Выигравшие зашумели, начали галдеть и толкаться локтями.

— Отличная идея, — поддержал Дун.

— Еще бы, — хитро проговорил Тимулти. — А то нашего Дуна божественная сила вывела из строя.

— Древняя киношка 1937 года совершенно подкосила его, — уточнил Фогарти.

— Так что справедливо было бы… — Тут Тимулти невозмутимо посмотрел ввысь. — Фил, дружок, а последний ролик фильма с Диной Дурбин все еще здесь?

— Где ж ему быть, в женском туалете, что ли? — ответил Фил, покуривая.

— Ну ты и остряк! Так вот, Фил, как думаешь, нельзя ли опять вставить его в проектор и снова показать нам «КОНЕЦ ФИЛЬМА»?

— Вам всем этого хочется? — спросил Фил.

Наступил трудный момент принятия решения. Однако мысль о еще одном забеге была слищком соблазнительна, чтобы от нее отказаться, хотя приходилось рисковать уже выигранными деньгами. Присутствующие медленно закивали.

— В таком случае я и сам сделаю ставку, — заявил киномеханик. — Шиллинг на Хулихана!

Выигравшие стали смеяться и улюлюкать; они надеялись выиграть во второй раз. Хулихан величественно помахал рукой. Проигравшие повернулись к своему бегуну.

— Слышал, Дун? Это же оскорбление! Парень, проснись!

— Черт возьми, да заткни ты уши, когда девчонка будет петь!

— Все по местам! — Тимулти расталкивал толпу.

— Так ведь нету зрителей, — сказал Хулихан. — А без них нет препятствий, нет настоящего соревнования.

— Почему же? — Фогарти огляделся. — Вот все мы и будем зрителями.

— Превосходно! — Присутствующие с сияющим видом уселись в кресла.

— А лучше, — предложил Тимулти, — давайте разделимся на команды! Ставим, конечно, на Дуна и Хулихана, но каждый болельщик Дуна или болельщик Хулихана, который выберется из зала до того, как звуки гимна приклеят его к полу, добавляет лишнее очко.

— Договорились?

— Идет! — закричали все.

— Прошу прощения, — подал я голос. — Нет судьи на улице.
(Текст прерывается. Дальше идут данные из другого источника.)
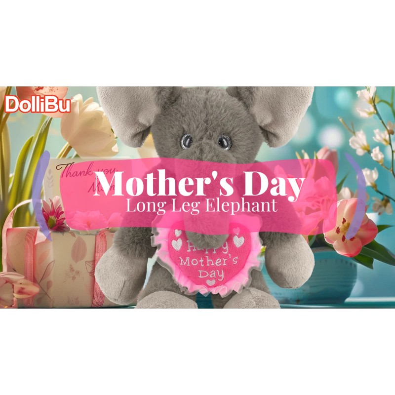 DolliBu Happy Mother's Day Super Soft Plush Long Leg Elephant - Cute Stuffed Animal Present With Pink Heart Message for Best Mommy, Grandma, Wife, Daughter - Safari Life Plush Toy Gift - 10.5 Inch \n \nYour browser does not support the video tag. \n \n \n \n \n THE ELEPHANT STUFFED ANIMAL WITH A HEART COMES WITH UNIQUE DESIGN YOU WILL LOVE – Super Soft Long Leg Elephant Plush comes customized with a beautiful "Happy Mother's Day" message embroidered on a Pink Plush Heart. DolliBu's Mother's Day Plush Long Leg Elephant makes a sweet present for all moms who love stuffed toys and adorable safari animals. A must-have wild life animal plush gift to celebrate and make your mom feel special on Mother's Day. \n THE ELEPHANT PLUSH TOY IS FOR ANYONE WHO LOVES STUFFED ANIMALS - The cute novelty Long Leg Elephant plush toy designed with soft body is a sweet plush gift for your loved one. Let your mom, daughter, girlfriend, wife, or grandma know that you love them by giving them an adorable plush animal with an embroidered pink pillow heart wishing them a Happy Mother's Day. It is also a fun addition to their room to remind them that you love them. \n INCLUDED WITH THE PURCHASE - Includes 1 DolliBu Long Leg Elephant stuffed heart toy with hook and loop tape with a sentimental message. The Elephant plush animal comes with a pink stuffed heart attached featuring a beautifully embroidered "Happy Mother's Day" message. Decorated with a body that is made of soft fabric that makes the plush perfect for cuddles and snuggles. This cute Long Leg Elephant plush toy measures 4LX4WX10.5H inches long. \n HIGH-QUALITY TEDDY BEAR WITH HEART - Long Leg Elephant doll is a toy plush made from premium quality polyester, stuffed with soft fillings, and covered with gray fluffy plush. A snuggly and cozy stuffed animal Elephant crafted with durable materials, designed to deliver a Happy Mother's Day message to your loved one in an adorable way. To maintain the cleanliness of the cute Elephant plush, surface wash with cold water and allow to air dry. \n IDEAL USE FOR ELEPHANT MOTHER'S DAY STUFFED ANIMAL - Surprise your loved one with a sentimental plush this Mother's Day to make their day extra special. Gifting Long Leg Elephant plush with a "Happy Mother's Day" message is a cute way to express your love. Surprise your mom with the perfect gift! Super soft and adorable plush will make the perfect addition to flowers, gift box or pairing it with a dozen roses, chocolates or bottle of champagne. \n \nSurprise your loved one with a sentimental plush this Mother's Day to make their day extra special. Gifting Long Leg Elephant plush with a "Happy Mother's Day" message is a cute way to express your love. Super soft and adorable teddy bear will make the perfect addition Mother's Day flowers, gift box or pairing it with a dozen roses, chocolates or bottle of champagne. Super Soft Long Leg Elephant Plush comes customized with a beautiful "Happy Mother's Day" message embroidered on a Pink Plush Heart. DolliBu's Mother's Day Plush Long Leg Elephant makes a sweet present for all moms who love stuffed toys and adorable safari animals. A must-have wild life animal plush gift to celebrate and make your mom feel special on Mother's Day. The realistic novelty Long Leg Elephant plush toy designed with soft antlers, long hands, and long legs is a sweet plush gift for your loved ones. Let your mom, step mom, girlfriend, wife, or grandma know that you love them by giving them an adorable plush animal with a mini embroidered pink pillow heart wishing them a Happy Mother's Day. It is easy to coordinate with other gifts and sweets. Includes 1 DolliBu Long Leg Elephant stuffed heart toy with hook and loop tape measuring about 4LX4WX10.5H inches, with a sentimental message. The Long Leg Elephant plush animal comes with a pink stuffed heart attached featuring a beautifully embroidered "Happy Mother's Day" message. Long Leg Elephant doll is a cute toy plush made from premium quality polyester and stuffed with soft fillings. Covered with gray fluffy plush. A snuggly and cozy stuffed animal Long Leg Elephant crafted with durable materials, designed to deliver a "Happy Mother's Day" message to your loved ones in an adorable way. To maintain the cleanliness of the cute Elephant plush, surface wash with cold water and allow to air dry.Item Specifics

Все головы повернулись в мою сторону.

— Да, — сказал Тимулти. — Так, Нолан — наружу!

Нолан, ругаясь, поплелся по проходу.

Фил высунул голову из проекционной:

— Ну, вы там, внизу, готовы?

— Если готовы девчонка и гимн!

Свет погас.

Мое место оказалось рядом с Дуном, который лихорадочно шептал:

— Друг, толкай меня, не дай прекрасному отвлечь меня от реальности, ладно?

— Заткнись, — сказал кто-то. — Начинается мистерия.

И он был прав. Это действительно была мистерия песни, искусства и жизни, если угодно. Девушка пела на потрепанном от времени экране.

— Мы надеемся на тебя, Дун, — прошептал я.

— А? — рассеянно проговорил он в ответ, глядя на экран и улыбаясь. — Ах, посмотри, разве она не прелесть? Ты слышишь?

— Дун, не забывай о пари. Приготовься.

— Ладно, — проворчал он. — Дай-ка разомну кости. Господи, помоги!

— Что?

— Она совсем затекла. Правая нога. Пощупай. Нет, ничего не чувствую. Как отрезанная!

— Отсидел, что ли? — встревоженно спросил я.

— Ну да, как мертвая. Черт, я пропал! Слушай, друг, ты должен бежать вместо меня! Вот тебе моя кепка и шарф!

— Твоя кепка?..

— Когда выиграешь, покажешь им, и мы объясним, что ты бежал вместо моей дурацкой ноги!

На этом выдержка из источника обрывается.